Caméléon is the family office founded by my father, François Simon, after a successful career in finance. I joined him in 2019 to focus on private markets (start-ups, SMEs, PE and VC funds) and discovered the Search Fund model at a time when I was looking to increase the quality and quantity of my SME minority investments deal flow. Since then, we have backed 15 Searchers – mainly in France –  invested in 5 acquisitions and recently had a successful exit.

You have invested in many French searchers and transactions. What are your main investment criteria, and what does your current portfolio look like?

We always start with the Searcher and put a strong emphasis on the managerial experience of the candidate. We want people who have seen different organizations and have proper operational experience managing teams with various profiles (age, educational background) because that’s the context they will have to face once the acquisition is done.

Regarding deals, we focus only on growing markets with tailwinds and avoid businesses overly reliant on 1 supplier for example.

Last year, you launched Cassius Search, the first French entrepreneurial investment platform focused on SME acquisitions led by experienced executives. What motivated you to embark on this journey, and how does it differ from the traditional Search Fund model?

I am surrounded by entrepreneurs and CEOs aged 35 to 45 who, after a successful adventure (start-up, C-level jobs), are looking for their next challenge. They may not have a unicorn idea, and certainly do not want to return to consulting, finance, or corporate jobs. ETA represents a great opportunity.

With Cassius Search, I want to bring these talents to the Search Fund world by helping them raise their fund with mostly local investors with various profiles (Family Offices, entrepreneurs, and Funds of Search Funds) to benefit from their network and expertise post-acquisition. I also pool the search tools as well as intermediated deal flow and finally I provide support during negotiations and Due Diligences.

Also, it is important for me that these profiles come with an industry focus to have a more selected approach and being able to speak peer-to-peer to potential sellers. On the incentive side, I fully comply with the original Search Fund model.

You recently backed Joto Transmission, the first vehicle under this new model. Could you tell us more about this initiative?

Joto is the first Search Fund co-founded by Cassius and we raised it this summer with Pierre-Philippe de Bouville who is an engineer and former McKinsey consultant. He also founded a B2B software company, which he later sold to Saint-Gobain. He remained at the head of the company for a few years and then was looking for another challenge. We met 1 year ago and decided to partner to be more efficient on the 3 elements that make a Search Fund successful: gather great investors, find a fantastic business and acquire it at a fair price. With Pierre-Philippe we focus only on B2B software because of his experience and ambition in the field.

As an investor, what qualities do you value most in a searcher beyond their CV and technical skills? What advice would you give to young French entrepreneurs considering launching a Search Fund today?

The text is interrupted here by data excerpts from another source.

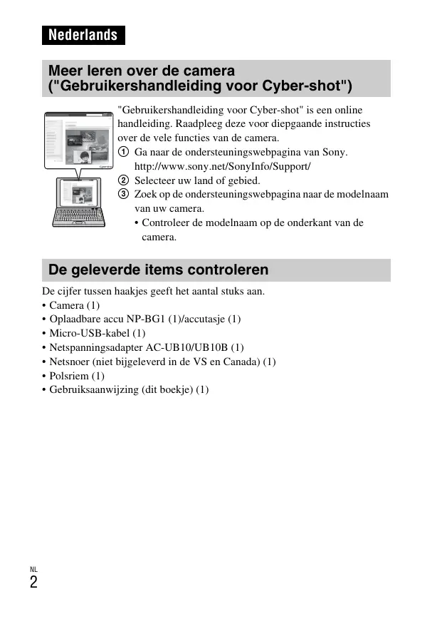 Nederlands Meer leren over de camera ("Gebruikershandleiding voor Cyber-shot") "Gebruikershandleiding voor Cyber-shot" is een online handleiding. Raadpleeg deze voor diepgaande instructies over de vele functies van de camera. 1 Ga naar de ondersteuningswebpagina van Sony. http://www.sony.net/SonyInfo/Support/ 2 Selecteer uw land of gebied. 3 Zoek op de ondersteuningswebpagina naar de modelnaam van uw camera.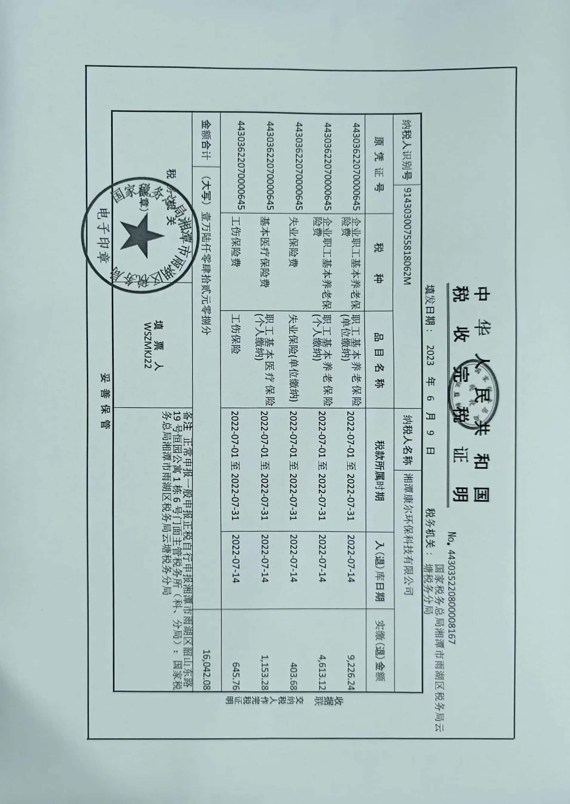社保繳納證明: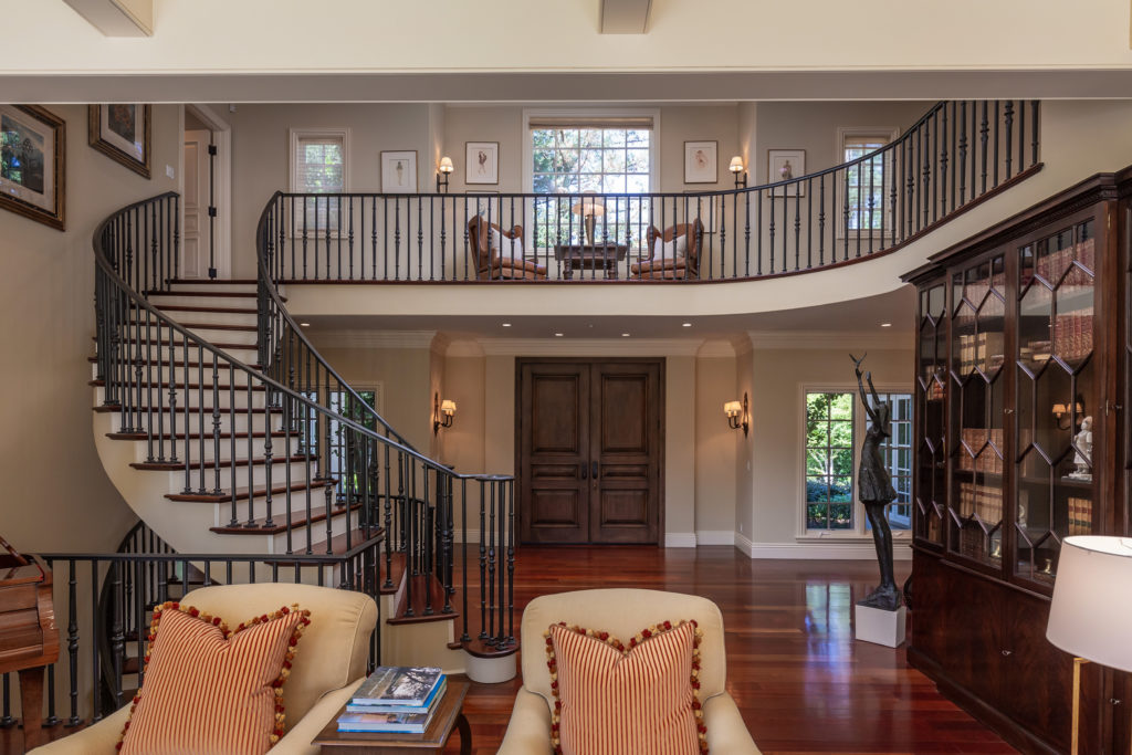 Balance, symmetry, and unstructured formality is expressed in every detail of the architecture of this estate home in prestigious West Atherton. Classic and timeless details abound including multiple hand-carved fireplaces from imported French limestone, broad expanses of wide-plank Brazilian cherry flooring, and extensive marble slab stonework. Varied ceiling treatments and subtle shifts in floor levels accentuate the estate ambiance, and technology behind the scenes fulfills modern expectations. The result is a relaxed yet formal environment that lends itself to comfortable daily living as well as lavish entertaining.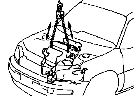 (b) Slowly lower the vehicle, and raise the engine into the engine compartment.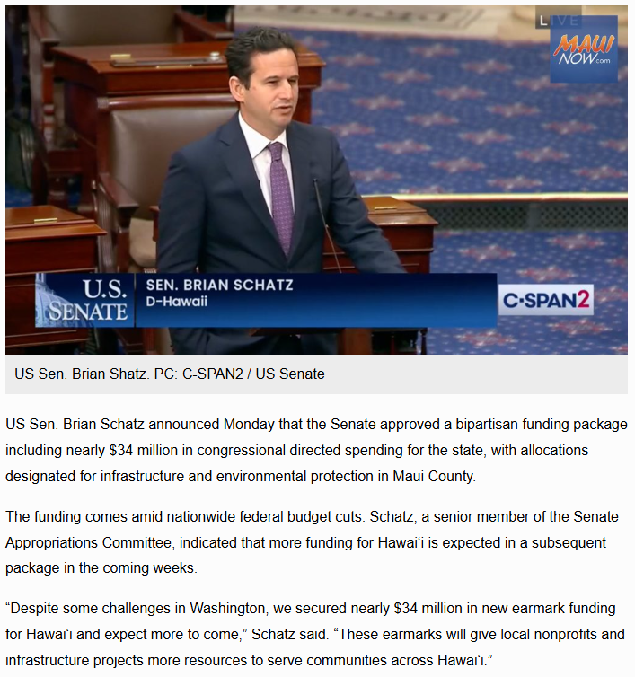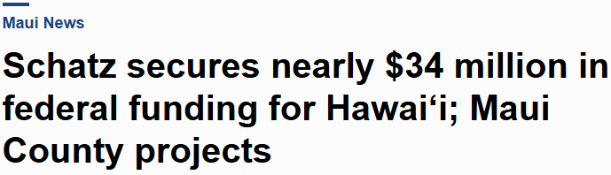 MAUI NEWS NOW: Schatz secures nearly $34 million in federal funding for Hawaiʻi; Maui County projects Jan 19 Written By Madi Masek Read the article at Maui News Now Madi Masek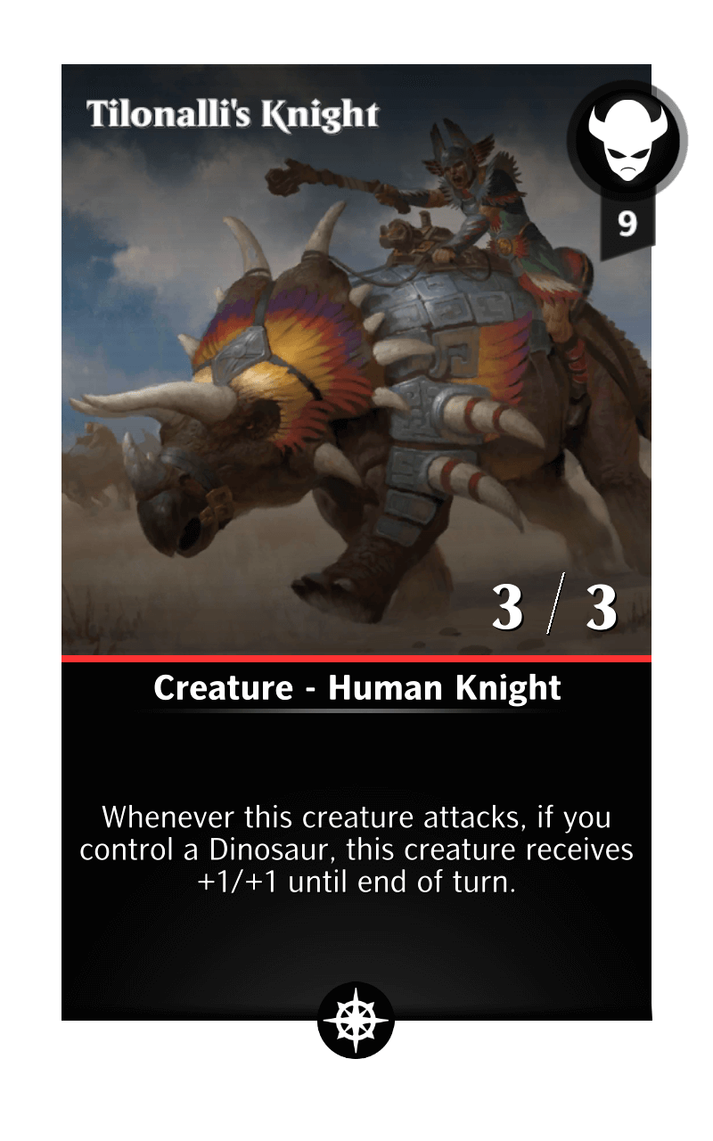 Whenever this creature attacks, if you control a Dinosaur, this creature receives +1/+1 until end of turn.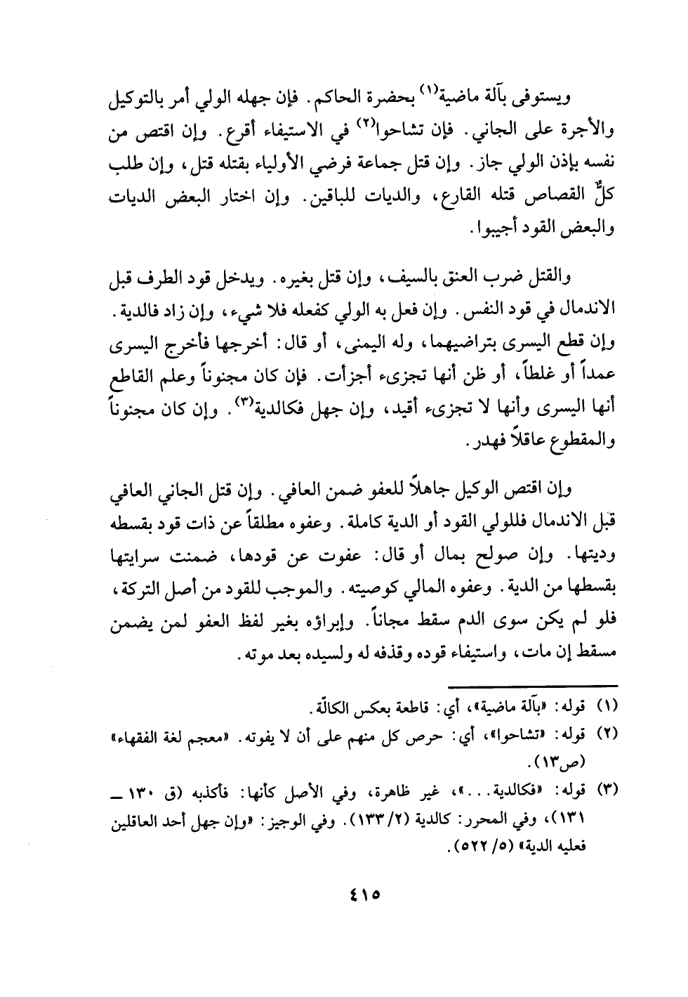 وإن اقتص الوكيل جاهلًا للعفو ضمن العافي. وإن قتل الجاني العافي قبل الاندمال فللولي القود أو الدية كاملة. وعفوه مطلقًا عن ذات قود بقسطه وديتها. وإن صولح بمال أو قال: عفوت عن قودها، ضمنت سرايتها بقسطها من الدية. وعفوه المالي كوصيته. والموجب للقود من أصل التركة، فلو لم يكن سوى الدم سقط مجانًا. وإبراؤه بغير لفظ العفو لمن يضمن مسقط إن مات، واستيفاء قوده وقذفه له ولسيده بعد موته.
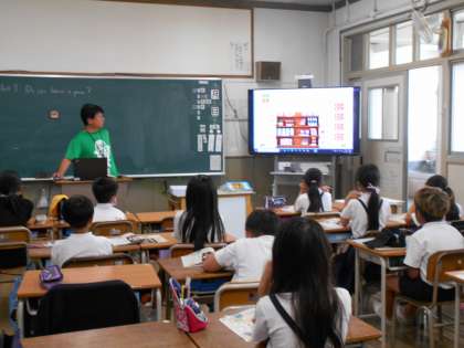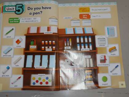 映像を見て、何がいくつあるかを考えていきました。Do you have a pen?という言い方を使って、いろいろな文房具の単語を覚えたり、複数の言い方を学習したりしました。

I like searchers who have strong ambition and drive, and who do not see the Search Fund model as a guaranteed recipe for success. I dislike hearing about the supposed “magic” of recurring revenues — I believe there is no such thing as guaranteed recurring revenues in business. What truly matters are great products that fit clients’ needs, strong barriers to entry, high switching costs, and smart price positioning.

My advice would be to assess whether the Search Fund path is really the right fit, as it requires a wide range of skills — from searching and negotiating to developing a sizable company. The Search Fund model is only a niche within the broader SME acquisition landscape, so they should be aware of the difficulties it implies. If they have all these qualities, then let’s do it.

 Looking ahead, what is your long-term strategy for Cassius Search, and where do you see the platform in the next five years?

The whole point of the platform is to help great entrepreneurs acquire and run great businesses. The Search Fund model guarantees a strong alignment of interests between searchers and investors, and I want to maintain that while continuously launching two Search Funds per year with different sector focuses.

I am already preparing the fundraising of the second fund with a great entrepreneur in the B2B services space, and in the future I will look for profiles with expertise in health, energy, or defense. My focus now is on supporting these entrepreneurs throughout their journey and creating the best environment for successful takeovers.

The French Search Fund market has faced challenges over the past 18 months, with several searchers struggling to close deals and some even abandoning their search. What is your view on the current market, and with more than a dozen new searchers entering in 2025, are you optimistic about the future?

Yes, it is true. I believe we have seen about three waves of searchers since 2018–2019. The first wave included very ambitious and successful pioneers. Then came an arguably more opportunistic group of searchers, who faced greater challenges in acquiring strong businesses.

In my opinion, the latest wave is better prepared, with complementary duos or more experienced profiles.

Do you see increasing interest from institutional investors in the French Search Fund space, or is it still largely driven by family offices and private investors?

We now see the emergence of French Funds of Search Funds, which is obviously great for the ecosystem. With Cassius, I have attracted new investors such as family offices and entrepreneurs who are interested in the model and the diversification it can bring to their portfolios. They are also pleased to see the asset class becoming more structured and better adapted to French fiscal laws.

More partial and full exits will be key to proving that the model works in France, as it does in other countries, and to attracting institutional investors’ attention.